Collected material ::
....................
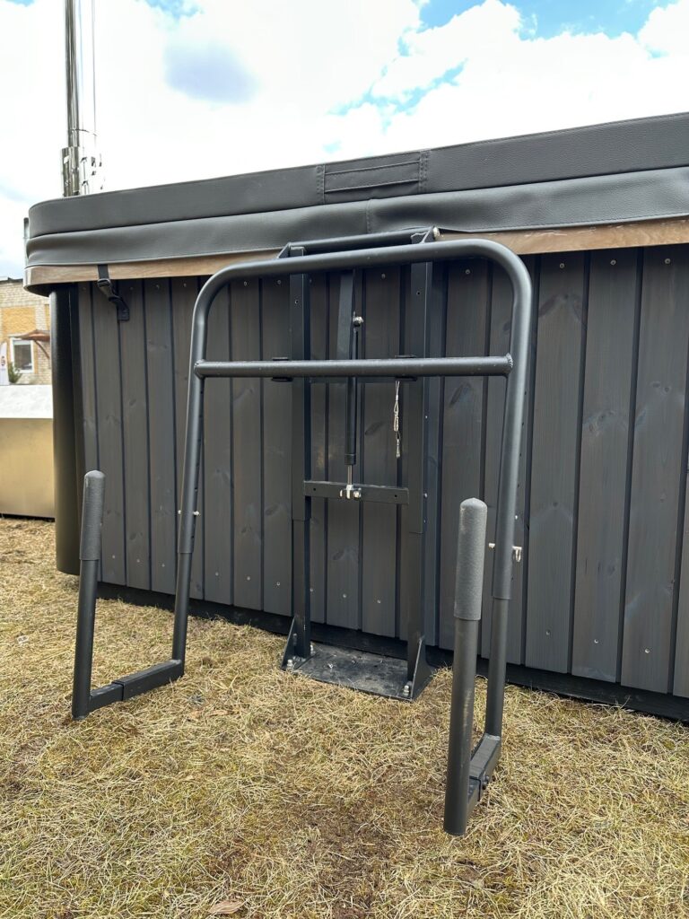 - Termo dangtis pasiūtas iš eko odos, viduje drėgmei atsparus putų polistirolas, sutvirtintas cinkuotu profiliu. Dangtis yra su nuolydžiu, per vidurį dangtis yra 10 cm, o kraštuose 7 cm. Atsparus ugniai ir UV spinduliams
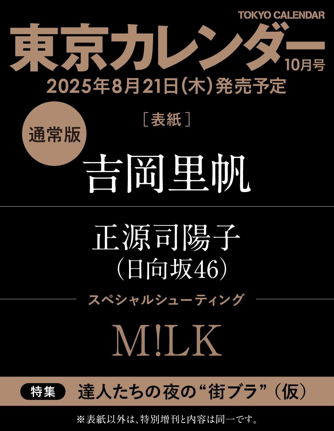 PR 東京カレンダー 2025年 10月号 発売日:2025年8月21日(木) リンク:公式サイト X 【通常版】表紙 吉岡里帆ナイトホッピングする西麻布の夜。 【特別増刊】表紙 M!LKホットなホテルでホットな5人。 特集 達人たちの夜の“街ブラ” 掲載 正源司陽子(日向坂46)神楽坂で大人の買い食い。 Amazon セブンネット 楽天ブックス Yahoo!ショッピング ポストする シェアする LINEで送る
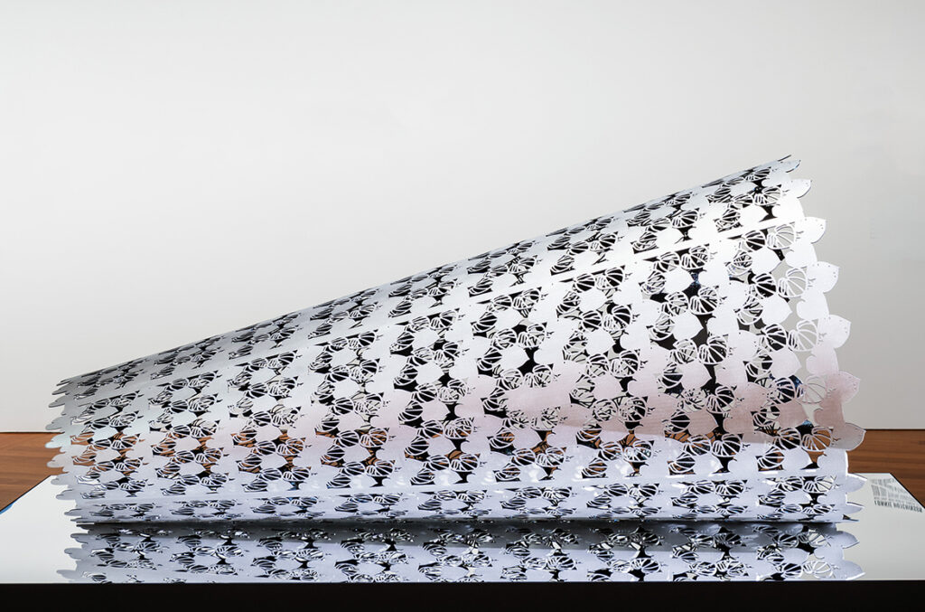 Becoming Sound 2021 (illustrated) on display in ‘sis: Pacific Art 1980–2023’ at the Gallery of Modern Art until 8 September 2024, is a work that demonstrates both the conceptual consistency and technical innovation of Hutchinson’s practice. The work references rongoā (traditional Māori medicine), and through its sleek sculptural form and patterning, it acts as a conduit for the transfer of energy in the healing process. The title highlights the work’s conical form and the way the shape is employed to both concentrate and amplify energy, as one would detect sound via a stethoscope, as a doctor listens to a beating heart, or in creating sound through a musical instrument; however, Hutchinson uses her ‘instrument’ to create a state of soundness — to become well.
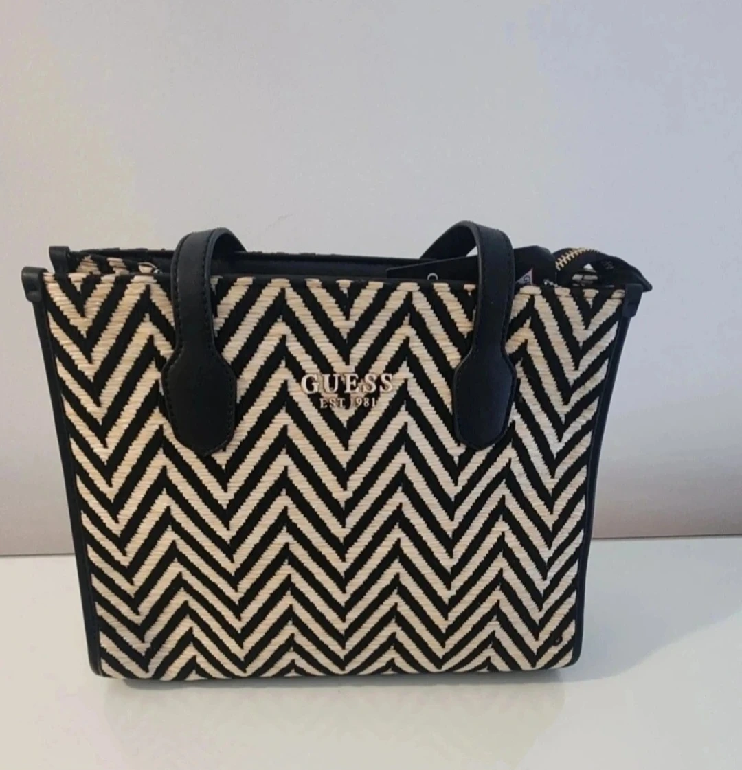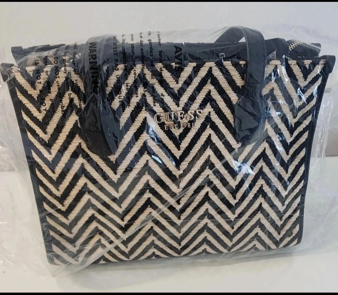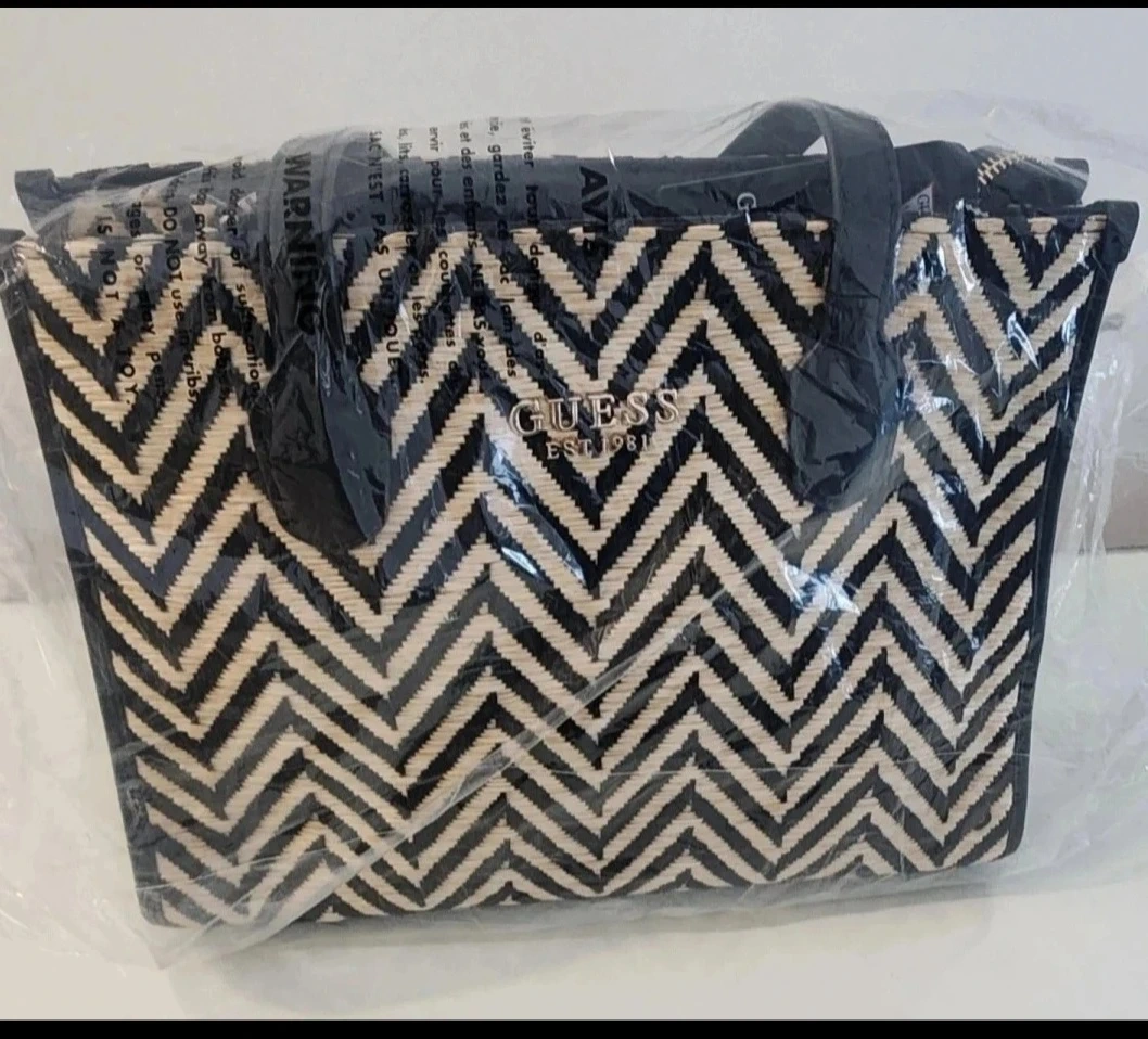 This GUESS tote bag features a black and white chevron pattern with black faux leather accents. It's a medium-sized bag with a zippered closure. Comes with original tags and is still in its plastic packaging.
....................
Your objective :: From the first line above down to the line with "PR 東京カレンダー 2025年", reproduce every line and no others, omitting pictures.

Solution to this task ::
 - Termo dangtis pasiūtas iš eko odos, viduje drėgmei atsparus putų polistirolas, sutvirtintas cinkuotu profiliu. Dangtis yra su nuolydžiu, per vidurį dangtis yra 10 cm, o kraštuose 7 cm. Atsparus ugniai ir UV spinduliams
 PR 東京カレンダー 2025年 10月号 発売日:2025年8月21日(木) リンク:公式サイト X 【通常版】表紙 吉岡里帆ナイトホッピングする西麻布の夜。 【特別増刊】表紙 M!LKホットなホテルでホットな5人。 特集 達人たちの夜の“街ブラ” 掲載 正源司陽子(日向坂46)神楽坂で大人の買い食い。 Amazon セブンネット 楽天ブックス Yahoo!ショッピング ポストする シェアする LINEで送る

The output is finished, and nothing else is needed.